======== Supplied data ========

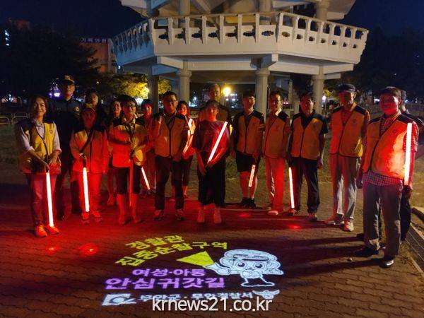 이번 합동순찰은 무안읍 불무공원 등 젊은 여성들이 주로 이용하는 장소와, 주민들이 요청한 탄력순찰 장소 등 주요 성범죄취약지역을 순찰하는 시간을 가졌으며, 공중화장실 비상벨, 로고젝터, 스마트가로등 작동체험을 통하여 공동체 치안의식을 향상하고, 경찰의 업무를 이해하는 시간을 가졌다.
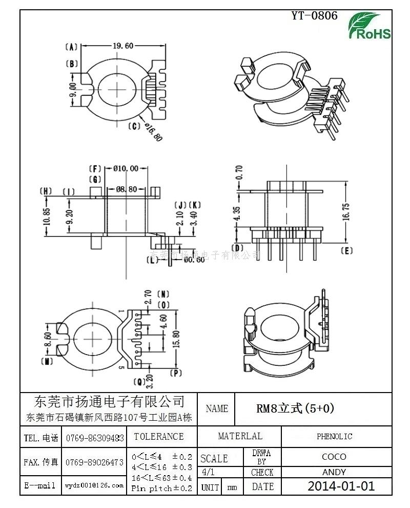 RM8变压器骨架RM8电木骨架RM8高频骨架 立式5+0P YT-0806
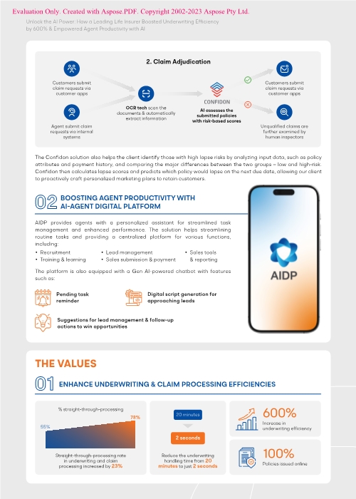 Um die Abläufe zu verbessern, setzte der Kunde auf die KI-Lösungen von FPT, darunter Confidon zur Automatisierung von Underwriting- und Schadenprozessen sowie AIDP, eine KI-gestützte Plattform zur Unterstützung der Agenten.
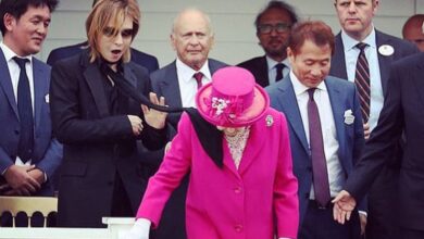 ตายแล้ว! โยชิกิ X-Japan อ้าปากค้าง ลมพัดผ้าพันคอเขาพาดไหล่ควีนอังกฤษ
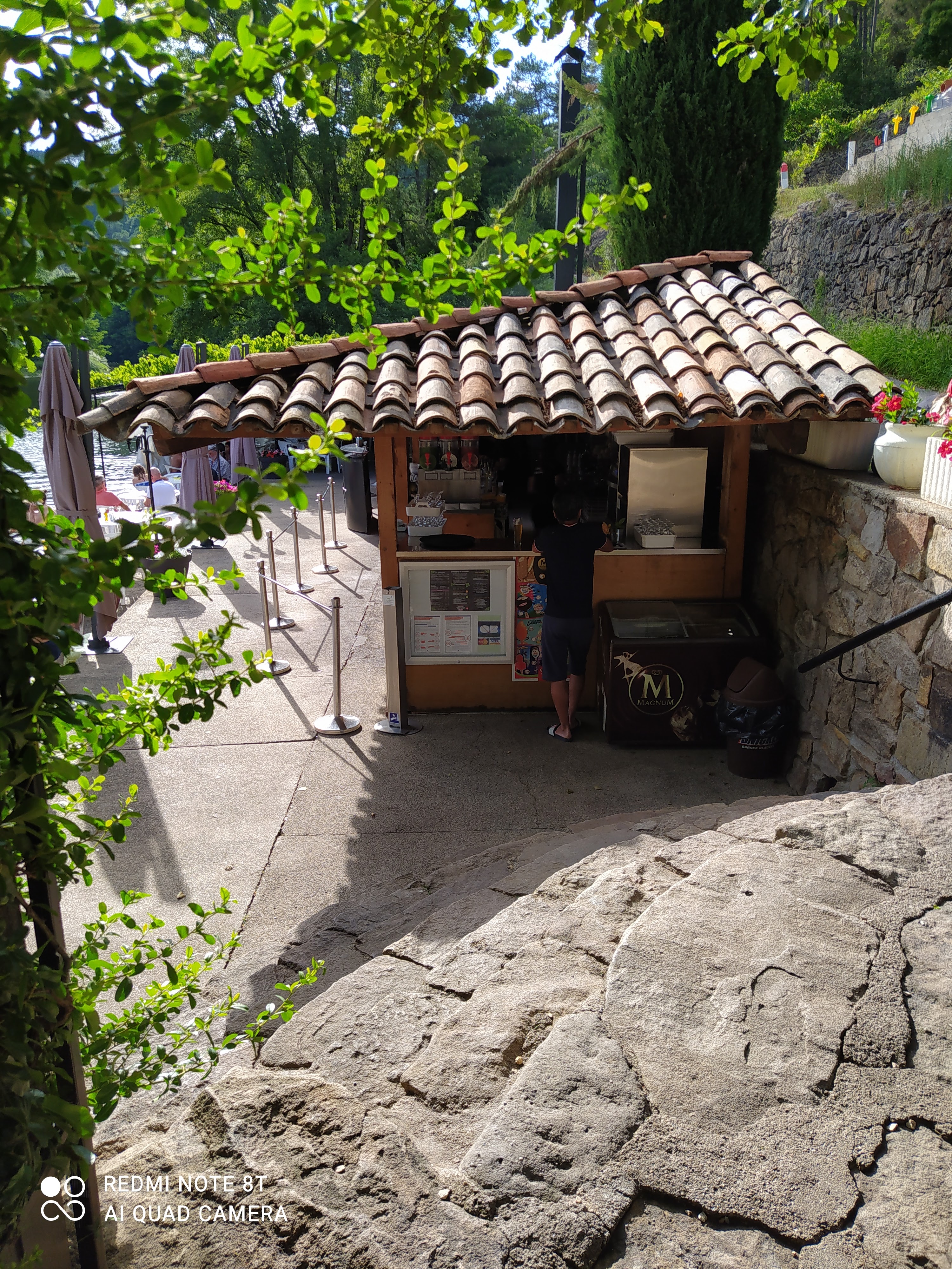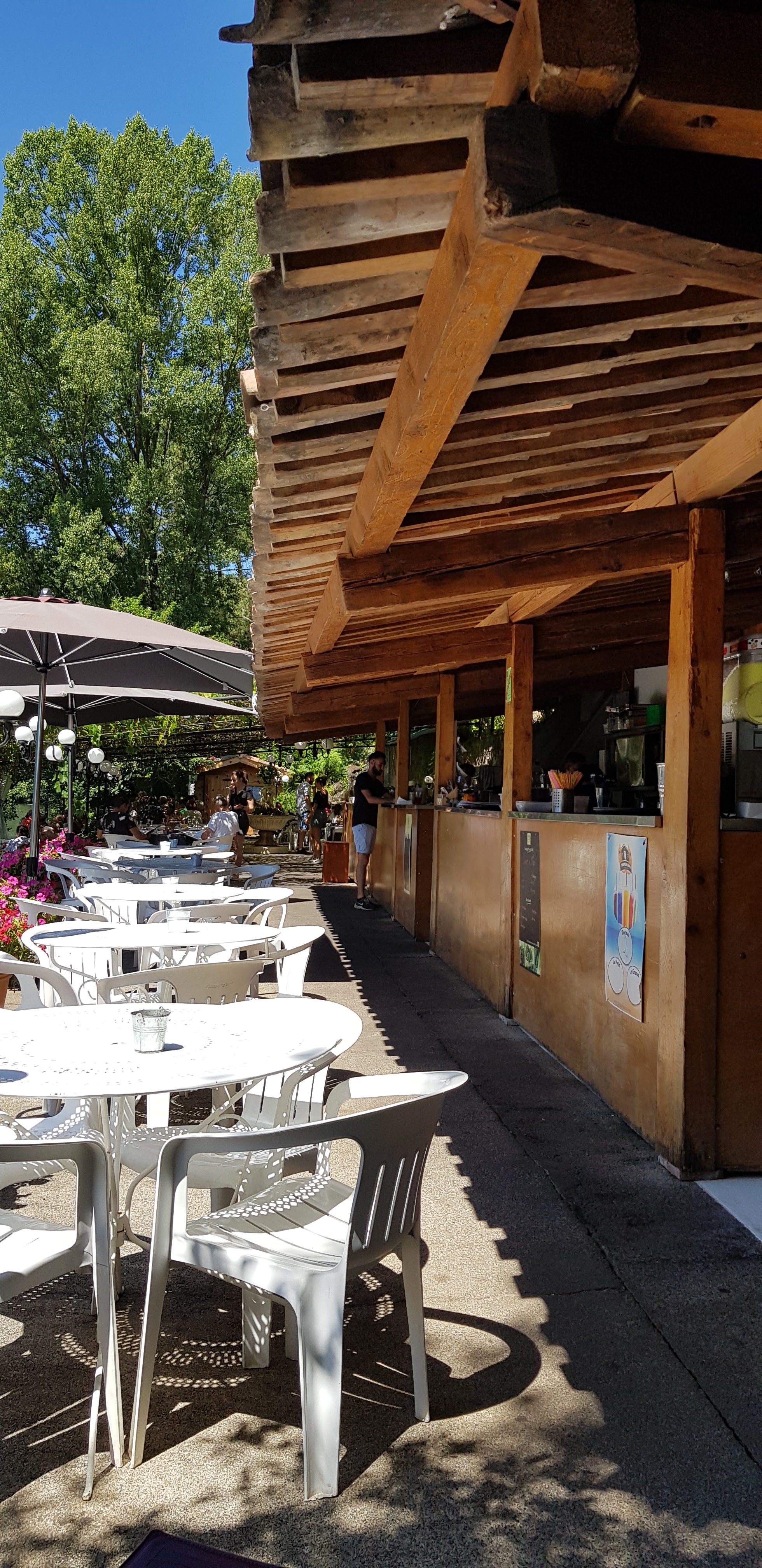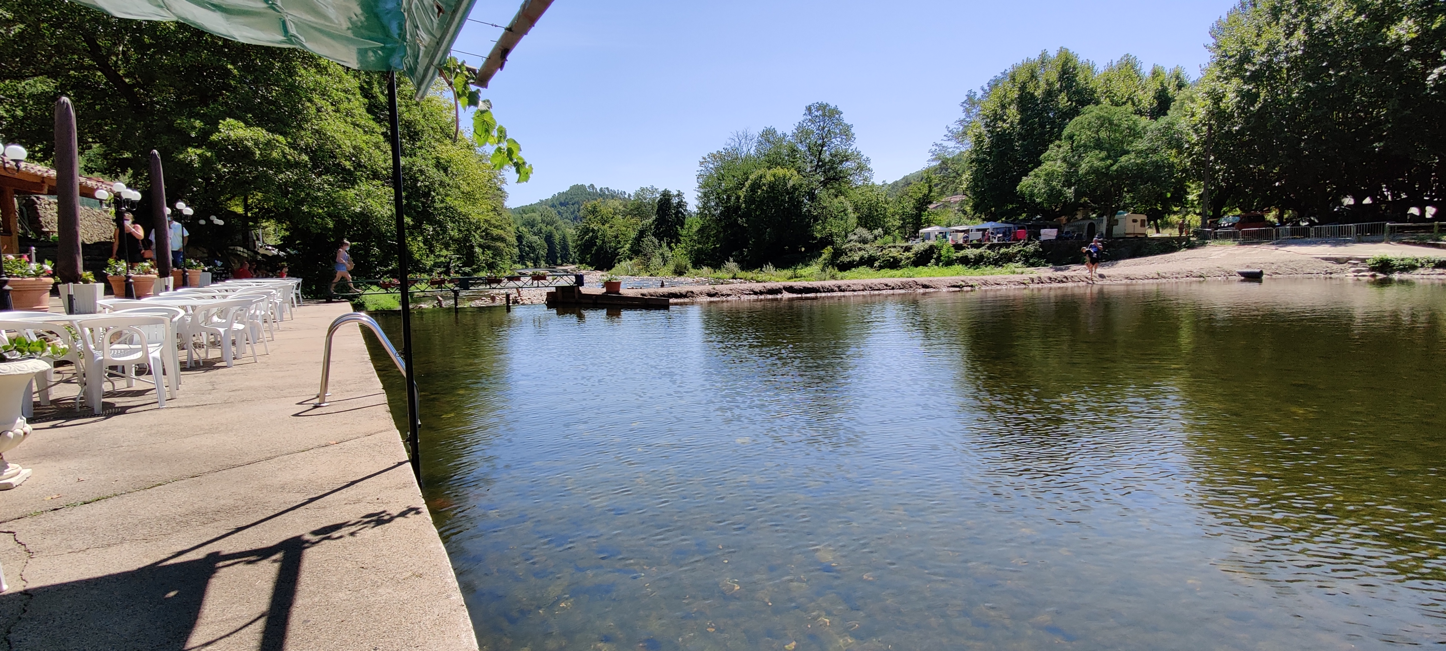 la Cèze donne de la fraîcheur sur toute la rive. Et à la guinguette. Service exclusivement féminin, rapide. Souriant. prix abordable. Et pour vous rafraîchir, un plongeon dans la Cèze. Une crèpe à la châtaigne (sans châtaigne) et froide. Pas cher mais ça vaut pas plus.
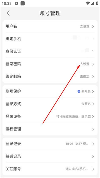 4、找到登錄密碼選項并點擊右側(cè)去設置,按提示完成密碼設置。
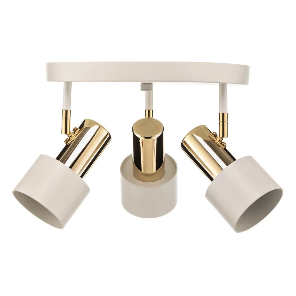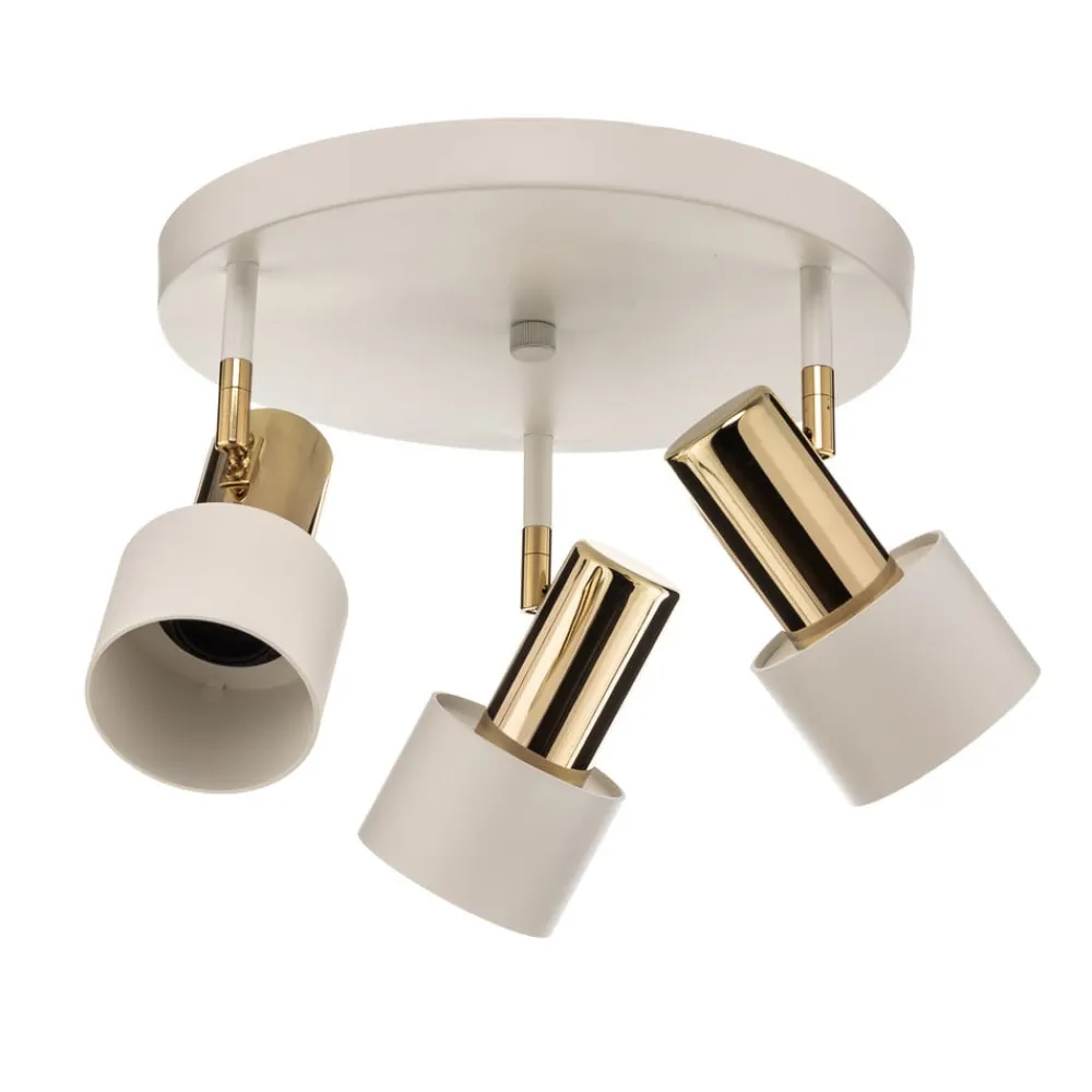 Loftspot Destin i den stilfulde kombination af hvid og messing forener moderne design med funktionel belysning. Denne spotlight med 3 lyskilder er fremstillet af højkvalitetsstål og passer perfekt ind i forskellige rumkoncepter, hvad enten det er i stuen, soveværelset, entreen eller spisestuen. De klare linjer og den elegante farve gør den til et blikfang, der giver ethvert rum et særligt præg.
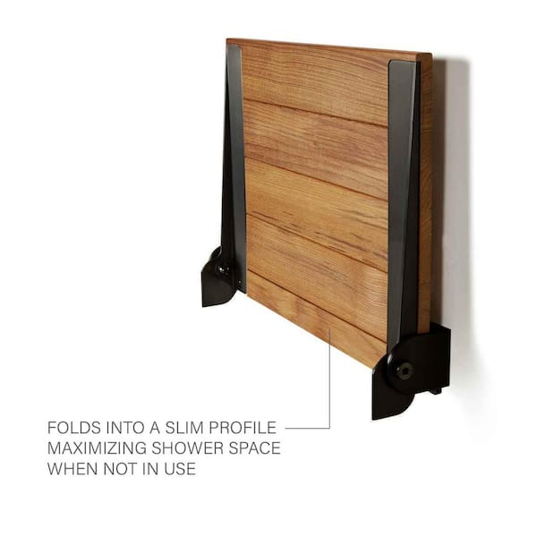 SlimLine Natural Teak Wood Wall Mount Folding Shower Seat Bench with Matte Black Frame
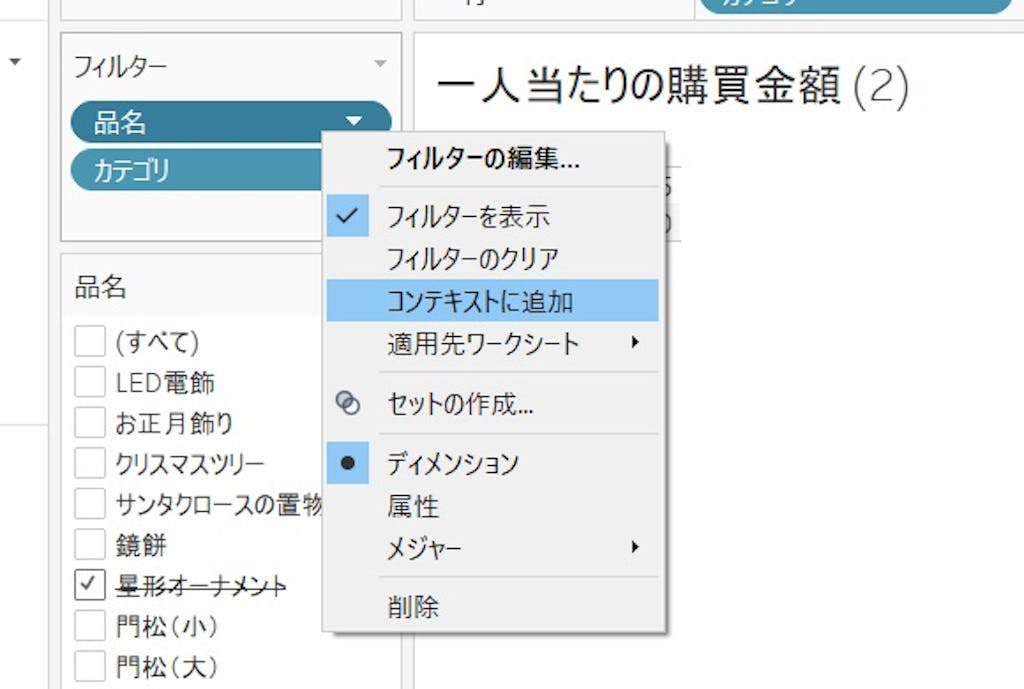 とはいえ、品名を先ほどのFIXEDの式に追加するやり方では、より細かい粒度で平均を計算しようとすることになるため不適切です。そんなときに便利なのが、フィルターをコンテキストフィルターにしてしまうという方法です。
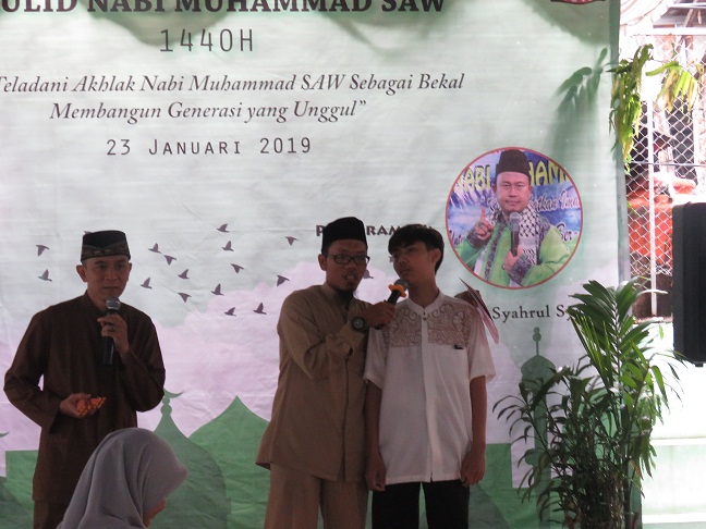 “Pemimpin kita yang satu ini bukanlah manusia biasa pada umumnya. Beliau adalah manusia yang sangat istimewa. Salah satu keistimewaan beliau adalah hari lahirnya yang diperingati oleh jutaan manusia di seluruh dunia”. “Dengan adanya peringatan Maulid Nabi kali ini diharapkan dapat meningkatkan rasa cinta kepada Nabi Muhammad SAW dan meneladani jiwa kepemimpinan yang dimilikinya”, tutupnya Ustadz.
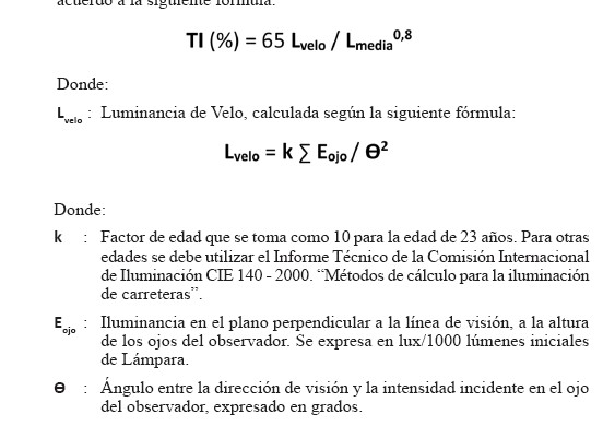 3.18 Incremento de umbral (TI): Corresponde al incremento en el contraste para volver a percibir un objeto de prueba tras un deslumbramiento. Se calcula de acuerdo a la siguiente fórmula:
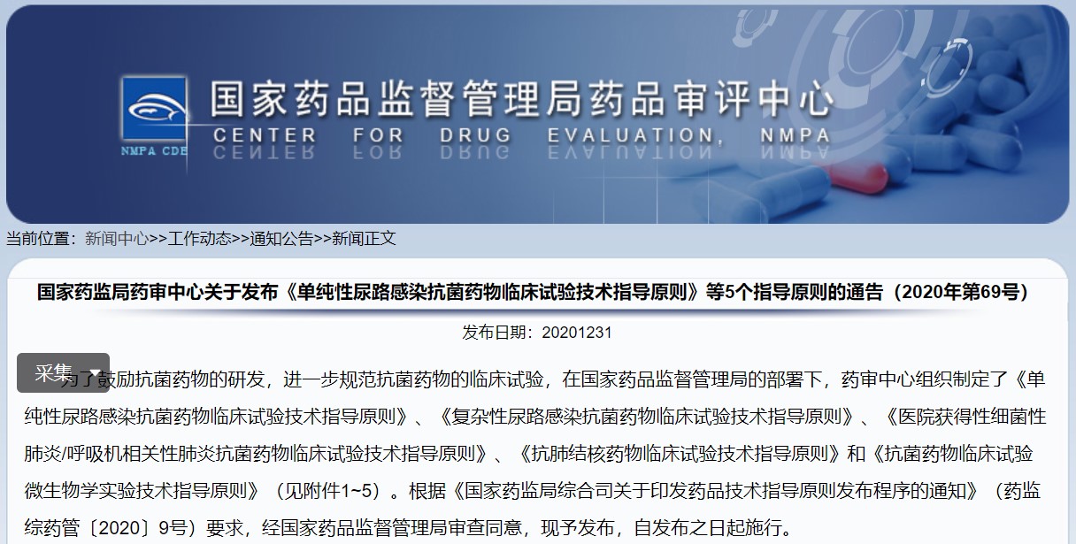 關(guān)于發(fā)布《單純性尿路感染抗菌藥物臨床試驗(yàn)技術(shù)指導(dǎo)原則》等5個(gè)指導(dǎo)原則的通告(2020年第69號(hào))
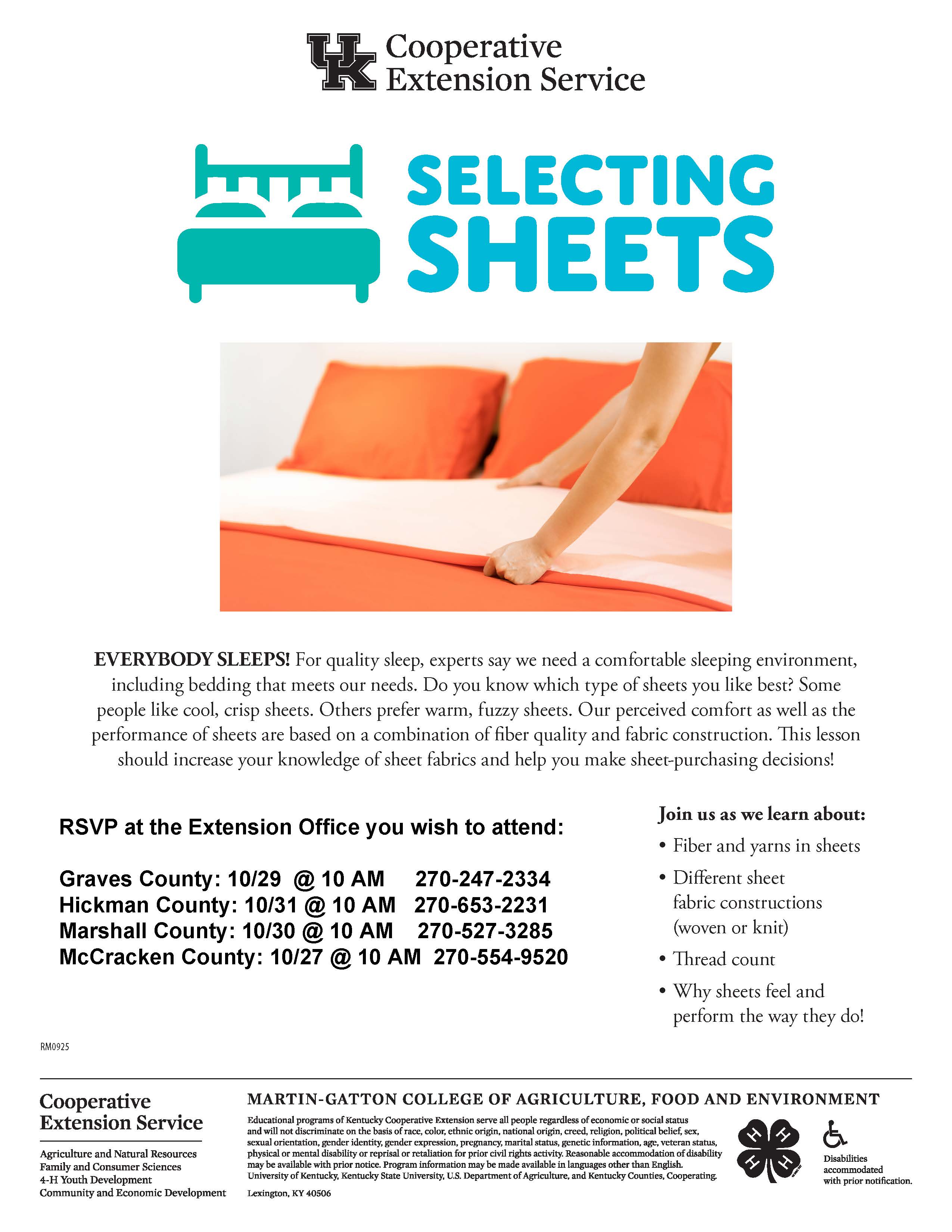 In-PersonEVERYBODY SLEEPS! For quality sleep, experts say we need a comfortable sleeping environment, including bedding that meets our needs. Do you know which type of sheets you like best? Some people like cool, crisp sheets. Others prefer warm, fuzzy sheets. Our perceived comfort as well as the performance of sheets are based on a combination of fiber quality and fabric construction. This lesson should increase your knowledge of sheet fabrics and help you make sheet-purchasing decisions! Call to (270) 554-9520 to sign up.

========

Problem: Would you set down only the lines above from the line with "RM8变压器骨架RM8电木骨架RM8高频骨架 立式5+0P YT-0806" to the line with "ตายแล้ว! โยชิกิ X-Japan", both included, exactly as they stand and without the pictures?

Answer for the task:
 RM8变压器骨架RM8电木骨架RM8高频骨架 立式5+0P YT-0806
 Um die Abläufe zu verbessern, setzte der Kunde auf die KI-Lösungen von FPT, darunter Confidon zur Automatisierung von Underwriting- und Schadenprozessen sowie AIDP, eine KI-gestützte Plattform zur Unterstützung der Agenten.
 ตายแล้ว! โยชิกิ X-Japan อ้าปากค้าง ลมพัดผ้าพันคอเขาพาดไหล่ควีนอังกฤษ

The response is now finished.